Enough has been written about the sad circumstances of his death at Zolder in qualifying for the Belgian Grand Prix. Much has also been written about the spectacular moments for which he is so fondly remembered.

Villeneuve drove every race to win. It was not part of his make up to approaching any aspect of racing conservatively – whether to conserve the car or score ‘good points’ towards a championship title.

In a too-short career largely in uncompetitive machinery this brought him just six victories. But they were almost all remarkable.

1978 Canadian Grand Prix, Montreal

Early in his first full F1 season Villeneuve had led the USA Grand Prix West at Long Beach for half the race until he tripped over a backmarker.

By the time of the final round of the season – at his home event – Villeneuve was still to break his victory duck. The Canadian Grand Prix would be run at a new venue in Montreal on the Ile Notre Dame after the Mosport circuit had been declared unsafe for F1.

Four years later, this new circuit would bear the name Circuit Villeneuve.

Practice on Friday was washed out by heavy round. The Grand Prix circus was also under a metaphorical cloud. The newly crowned World Champion Mario Andretti had seen his team mate Ronnie Peterson die in the first-lap carnage at Monza two rounds earlier.

Peterson’s number six entry was left vacant and in his place was Jean-Pierre Jarier. In these dire circumstances the Frenchman had the ‘fortune’ to take over the most competitive car on the grid, and duly took pole position with it ahead of Jody Scheckter’s Wolf and Villeneuve’s Ferrari.

Jarier got away cleanly at the start but Scheckter held Villeneuve up and Alan Jones’ Williams passed the pair of them. But Jones ran into trouble with his tyres and Scheckter and Villeneuve flashed past on laps 18 and 19.

Villeneuve passed Scheckter – who would be his team mate next year – at the hairpin on lap 25. But he seemed unable to do anything about Jarier.

Either scenario would have made a compelling story – Jarier had never won a race before, neither had Villeneuve.

Fortune chose the latter tale. Jarier’s oil pressure fell as the fluid leaked onto his rear brakes. The engine tightened, and Jarier coasted the Lotus 79 into the pits.

It was bitter luck for Lotus but the 72,000 assembled fans – including Prime Minister Pierre Elliot Trudeau – were cheering for Villeneuve.

1979 South African Grand Prix, Kyalami

Ligier had dominated the first two rounds of the 1979 championship in Buenos Aires and Interlagos. But Ferrari brought their new T4 cars to the third round in South Africa and Ligier chose to skip the pre-race testing session, losing valuable testing time at the high Kyalami altitude.

But it was the turbocharged Renault of Jean-Pierre Jabouille that took pole position ahead of Scheckter, who was racing in front of his home crowd in a Ferrari for the first time. Villeneuve was third.

The race got off to a frantic started with Jabouille and Scheckter swapping the lead on the first lap.
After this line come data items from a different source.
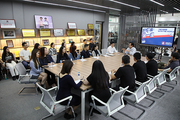 成龙院长在八佾会议室与教师们座谈,他邀请老师们能多去他的片场参加实践,打破学校和行业之间的“疏离感”,实现资源共享、优势互补、促进学校与行业的共同进步与成长。“乱跑、大喊大叫……这是初入片场的小白经常犯的错”,成龙院长表示,“最好的教室是片场,行业的‘规矩’只有到片场才能学会。”
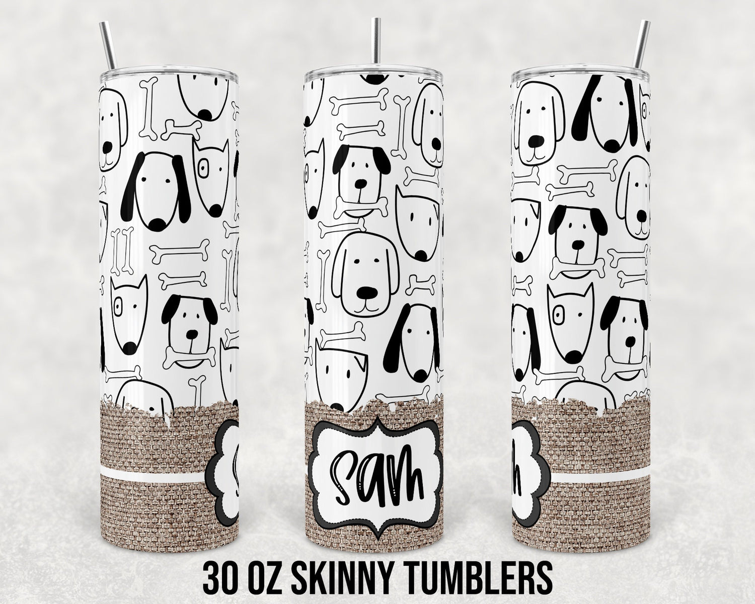 30 oz Skinny Tumbler Sublimation Many Dogs Burlap Name Plate Template Straight for 30 oz skinny tumblers
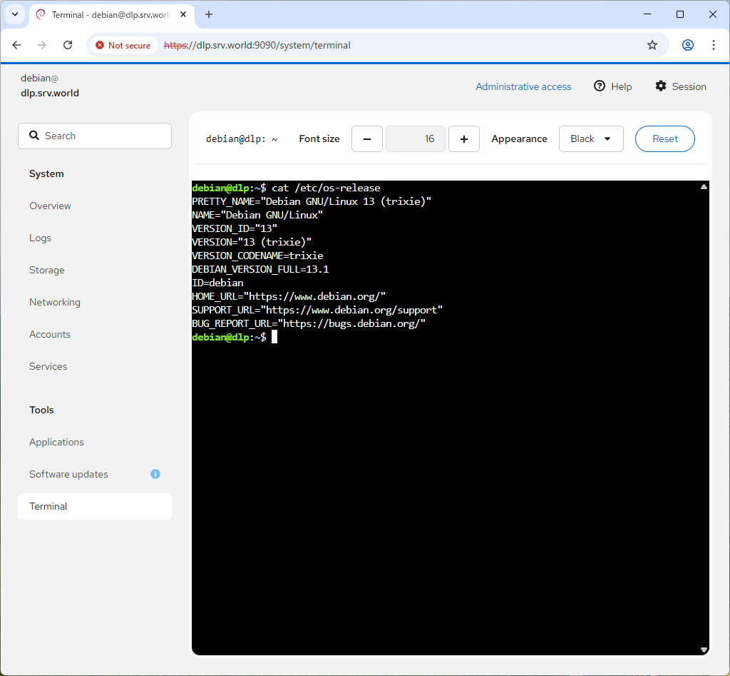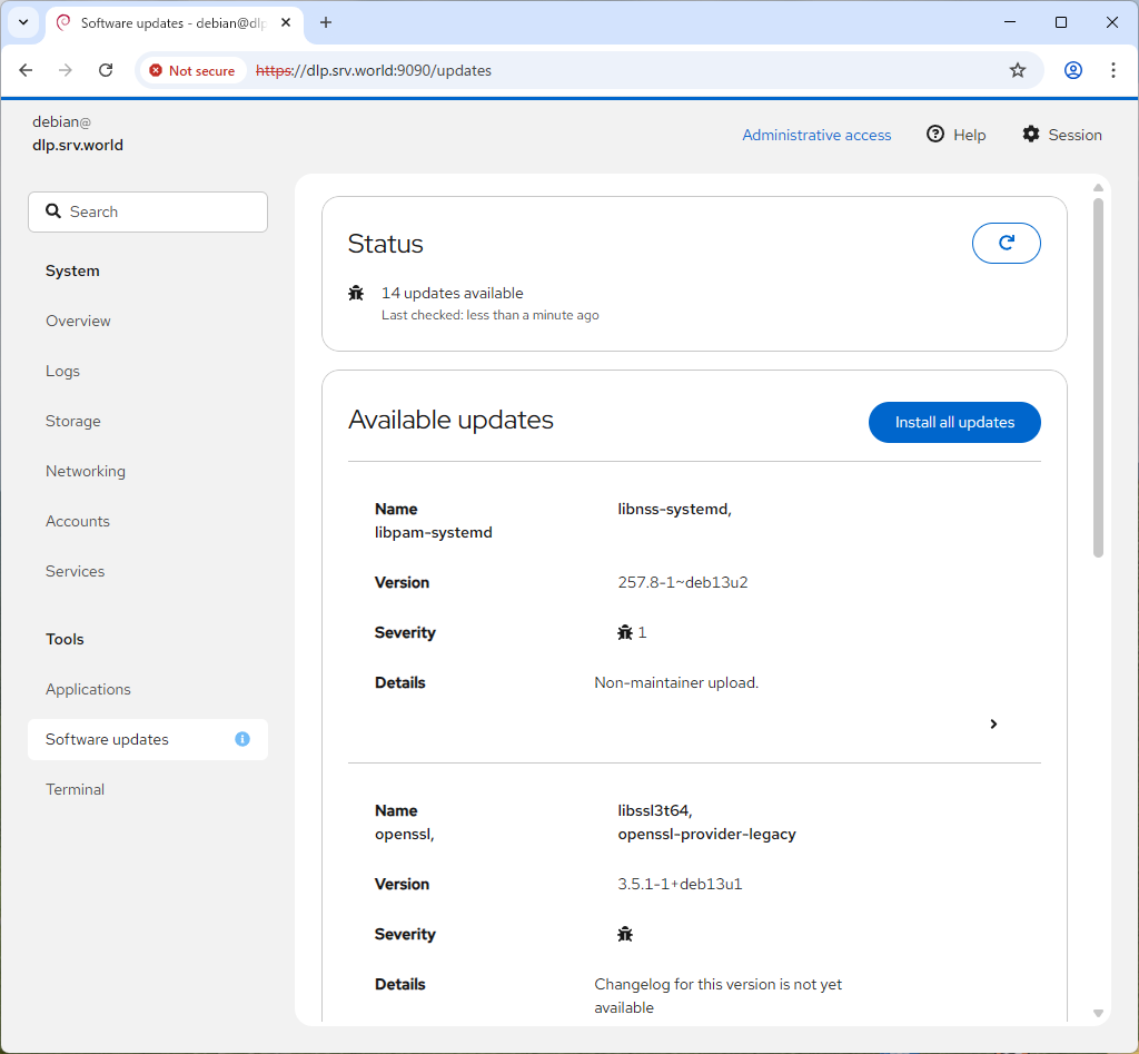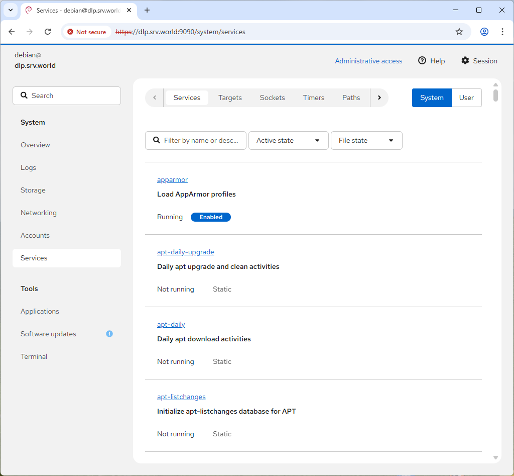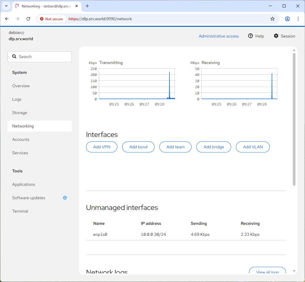 [3] | This is the Cockpit index page. It's possible to manage various system settings on here. If you like to use admin privilege, clisk the [Turn on administrative access] button to authenticate. |
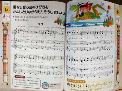 3年生は音楽科で「パフ」「エーデルワイス」を学習しています。まずは、各自で楽譜を見ながらリコーダーの練習をしていました。「パフ」では、低い音が続くので、強く息を吹き過ぎないように気をつけます。「エーデルワイス」では、出だしの「ミーソ レー」「ドーソ ファ」など音が急に高くなったり低くなったりするフレーズがあり滑らかに吹かなければいけません。
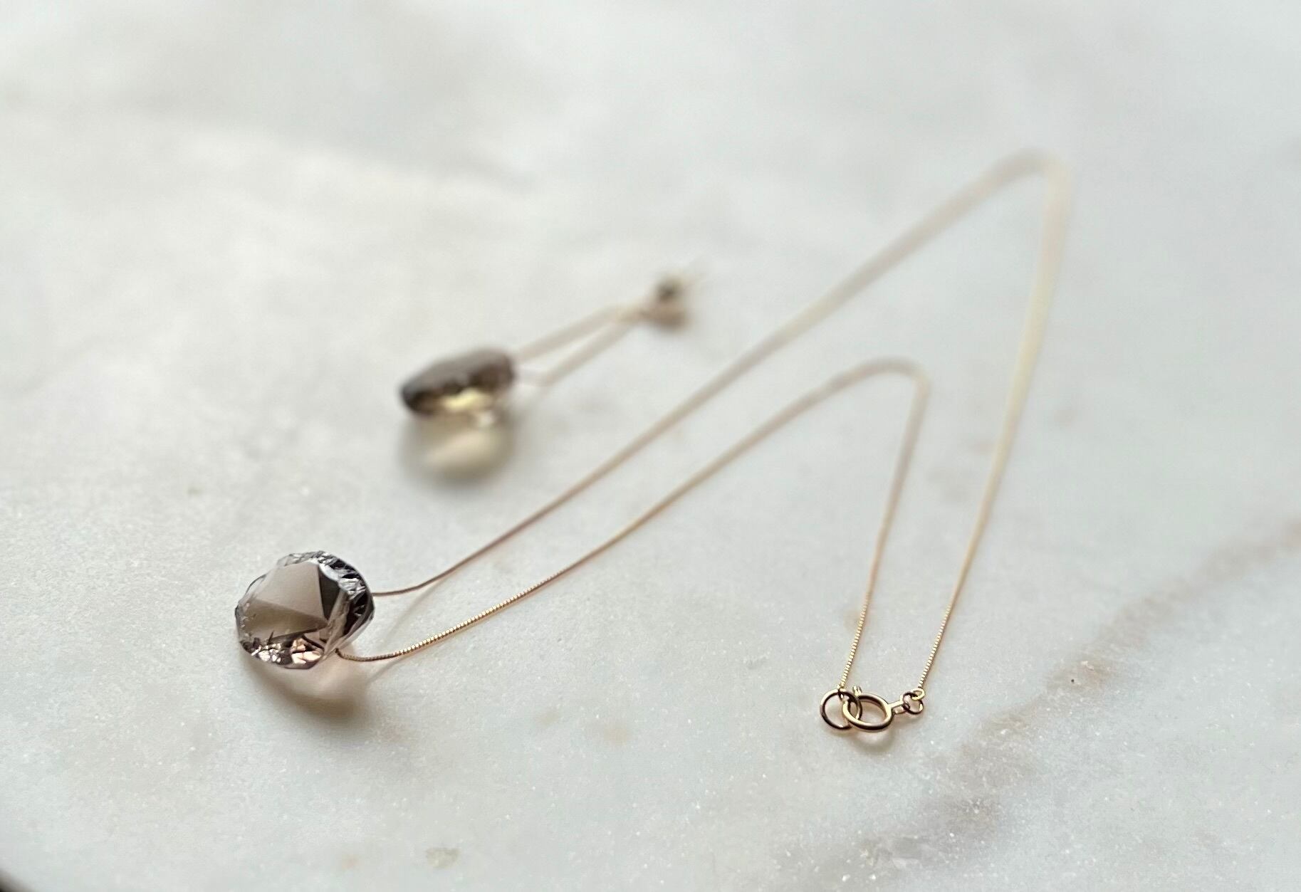 伝統的な技法である”かっこみ”でカットされたスモーキークォーツのピアス
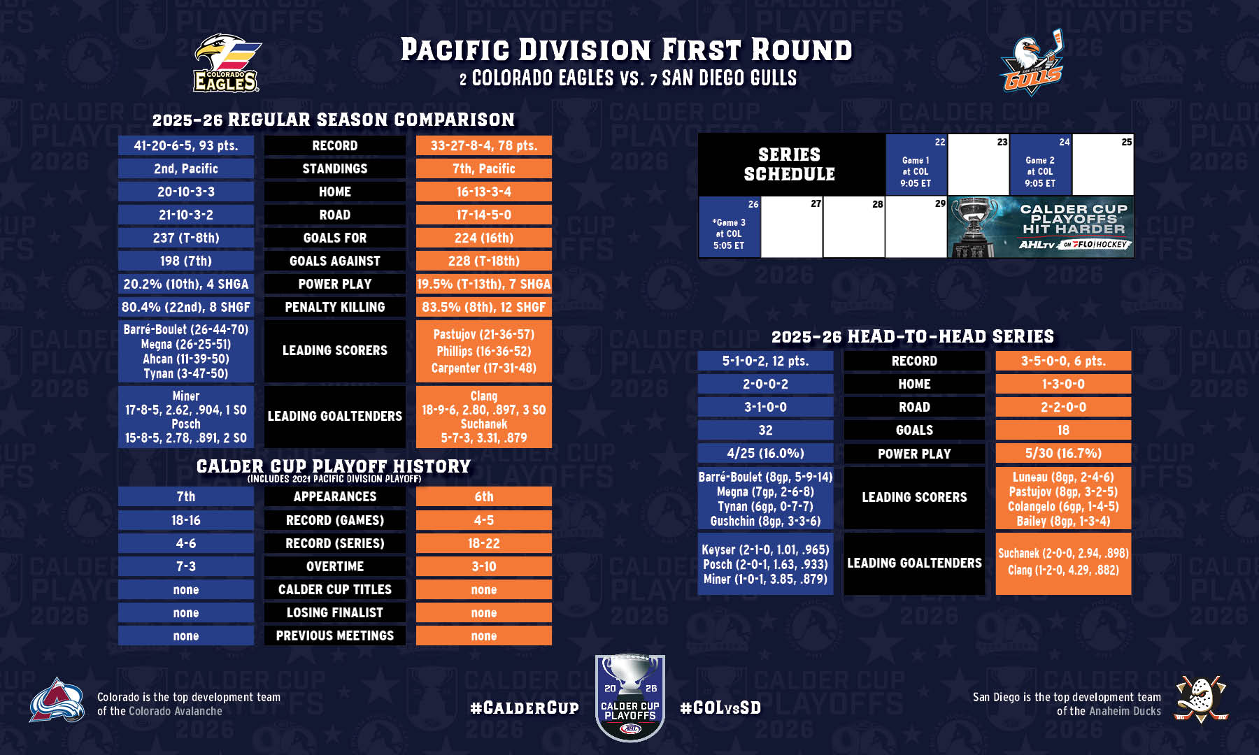 San Diego is in Colorado for Game 1 of their Pacific Division first-round series tonight. The Gulls are back in the postseason for the first time since 2022, when they were swept by Ontario in the first round.
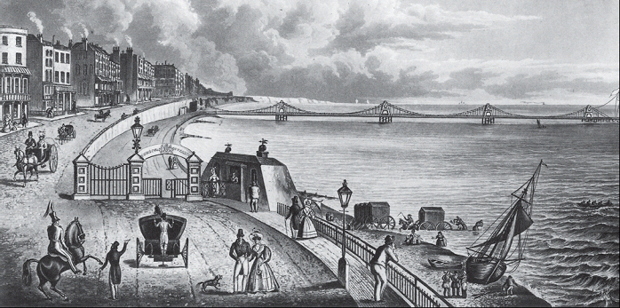 До конца XIX в. морские купания считались делом вредным и даже опасным для здоровья. Однако врачи советовали своим пациентам дышать морским воздухом. Сооружение, очень похожее на мост, тем не менее, мостом отнюдь не является. Это прогулочный мол в английском курорте Бат, до реконструкции.
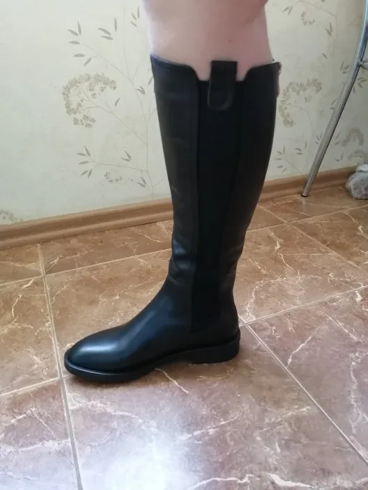 Доставка месяц. Упакованы тщательно. Но голенища сапог сильно согнуты и помялись. Хотя быстро выпрямились. На стопу 23 см. подошли, только только, но не жмут. Если хотите носить на носок, то надо брать больше. Не уверена, что полностью кожаные. Хотя мягкие. Внутри тонкий плюш или меховушка какая то. Смотрятся на ноге довольно симпатично, но в целом бюджетно. Не понимаю, зачем на молнии бегунок золотого цвета, это мне не нравится. До минус 3 ноге точно тепло, что потом пока не знаю. В целом думала что будут лучше. Молнии немного задевают внизу за полоску кожи вшитую рядом с молнией и надо приловчиться их застёгивать.
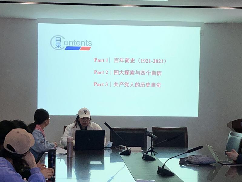 支部委员周艺霖同学作《中国共产党的百年探索与历史自觉》主题党课,带领支部师生回顾了中国共产党的百年历史以及制度、理论的形成与完善。其内容包括党的百年历程、五次历史性转变、百年来共产党人的道路探索与道路自信。历史见证了中国共产党的成熟与发展,共睹了在中国共产党带领下中国特色社会主义道路的筑成。
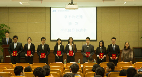 学生班导师在新生适应大学的学习生活发挥了重要作用,学院对他们的工作给予充分肯定,章冬云为2015级学生班导师颁发聘书。
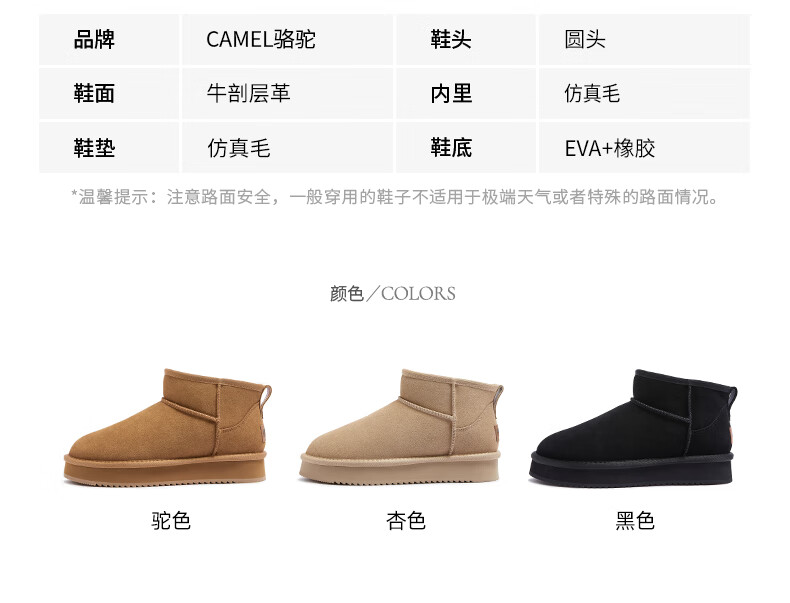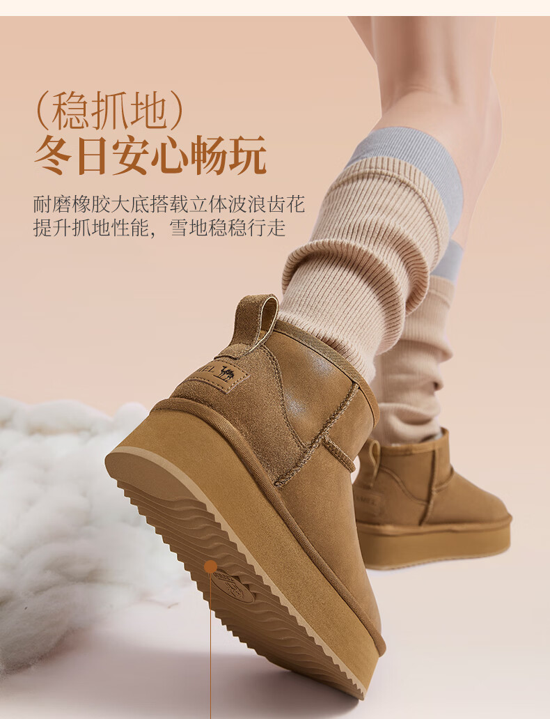 骆驼(CAMEL)经典时尚雪地靴冬季简约时尚加绒保暖百搭女靴 L15W275051男款驼色 42
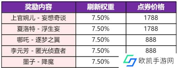 此次加入了五款限定皮肤:上官婉儿-妄想奇谈、夏洛特-浮生妄、哪吒-逐梦之翼、李元芳-匿光侦查者和墨子-降魔。
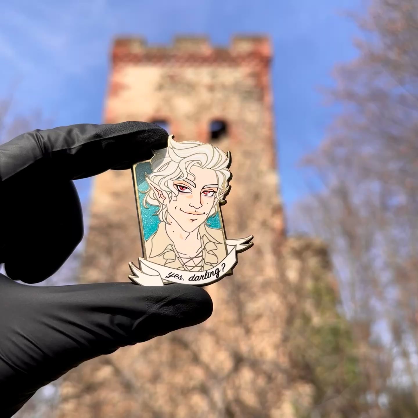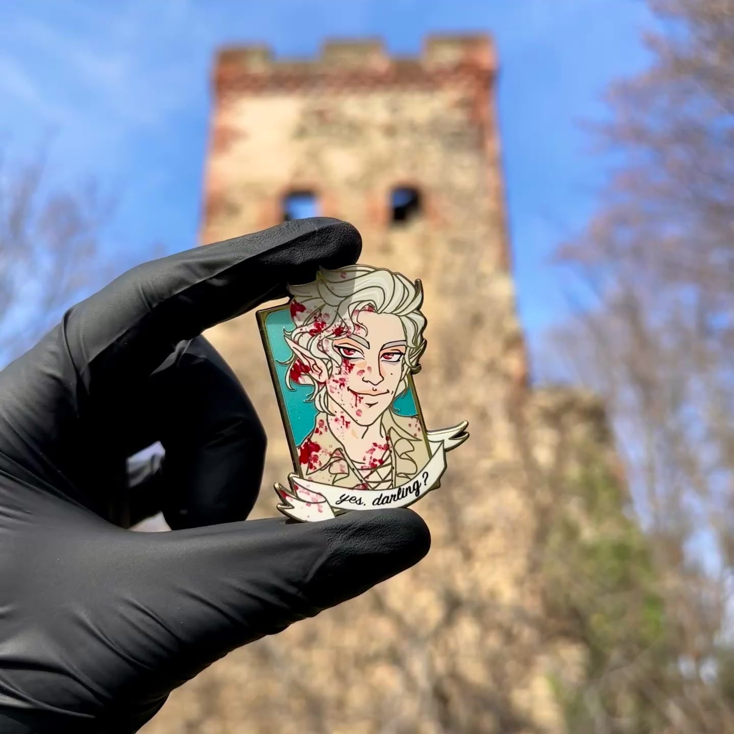 LE40, 2,36 inches (6 cm) tall antique golden plated pin with raised metal areas, gradient pearl and screenprint. LE20 bloody variants have additional UV print.

Villeneuve took second off Scheckter on lap two and then both Ferrari passed the Renault next time around.

At this point the race was stopped because rain had begun to fall – neither team pit stops nor Grands Prix meetings were run with the kind of clockwork sophistication they are today, and the officials wanted to give all drivers the chance to put on wet weather tyres. Ironically, the rain stopped just as the red flags came out.

The restart left drivers to gamble on dry- or wet-weather tyres – there was no ‘intermediate’ option. Villeneuve elected to use the Michelin wets – Scheckter chose slicks.

Villeneuve’s astute decision would win him the race – he had to make a stop to change tyres, but Scheckter gambled on making it the whole way without a stop. When that bid failed, Villeneuve came through to win.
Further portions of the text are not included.